*TASK*. Entries below include pictures. Output exactly the lines from the one with "Place the two O-rings on the yellow insert." down to the one with "Photo showing the", both ends included, and leave the pictures out.

*** Opening MATERIAL PROVIDED ***

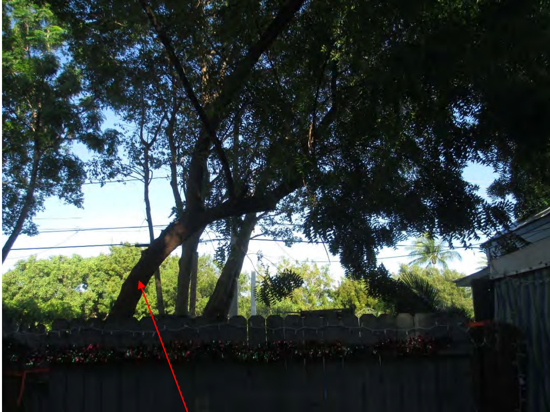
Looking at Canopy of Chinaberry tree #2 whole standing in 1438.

*** Closing MATERIAL PROVIDED ***
*** Opening MATERIAL PROVIDED ***

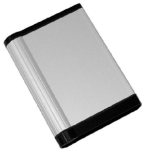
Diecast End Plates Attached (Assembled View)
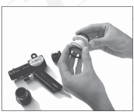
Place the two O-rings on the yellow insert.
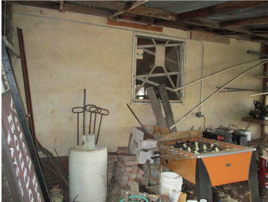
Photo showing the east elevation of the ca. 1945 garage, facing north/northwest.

*** Closing MATERIAL PROVIDED ***

*YOUR RESPONSE*.
Place the two O-rings on the yellow insert.
Photo showing the east elevation of the ca. 1945 garage, facing north/northwest.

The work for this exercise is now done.